Wednesday, April 18, 2007

Altered Reality

This post began as an exercise for my Seattle writing group: each of us chose three of our favorite words, then we were to write a poem (or group of poems) using all 18 words.
The poem below (all 18 words included!) was inspired by an article I read last week in the Seattle Times.
Apparently, in the name of better image quality, Google Earth has replaced all of its post-Katrina Gulf Coast maps with pre-Katrina satellite images.

What's wrong with this picture? If a map isn't accurate and real, what's the point?



ODE TO GOOGLE EARTH
for karen l

Consider this:
A mango bobs

on water,
a balloon swept up
in tempest
skyward;
panicked vertigo.
Wind and tide punch
shore and tree

and home
and sea
Until
a placard on a pole,
a door
---twisted,
tangled---
jangle
in a street deserted.

Politicians
so adroit!
Wring their hands and
ruminate,
scowl and scamper,
duck their heads and
cover up;
kings caught in
skivvies.
Later
with ebullience
they vow changes not delivered.

Now
---eighteen months gone by--
In clandestine rooms with
big oak tables
where not one is breathing the aroma
of fish
of rot
of death locked
in homes collapsed,
they futz and alter.

Maps remade
---although they lie
Destruction vanished
---though it hasn't
Neighborhoods
---though dead---
rebuilt
Boats
in harbors nonexistent.

Photo: approaching storm; hanalei bay, Kauai

4 comments:

marti said...

Lovely. I like how the words all pulled together.

midgeling said...

Indeed. What is the point, then, if you don't have something real and accurate? Marti is right. You are a great read. :-)

chimayo bound said...

First of all, I loved the poem!

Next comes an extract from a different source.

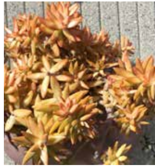
Sedum adolphii 'Fireworks' by Sonita Bantad

So eloquent, in the face of such media lunacy (and, to be realistic, not just the media but just about everyone in any position of power to do good and help us). Thanks for sharing it with me, and for the dedication! I think that's a first for me :-)

Your blog is terrific--lovely photos (of course), and articulate prose. Thanks for sharing it with me.
Have a writing group meeting tonight, and I'm not finished the stories so I'll close for now,....take care, and thanks again for your sensitivity.

chimayo bound said...

(above comment transcribed from karen l., to whom the poem is dedicated!)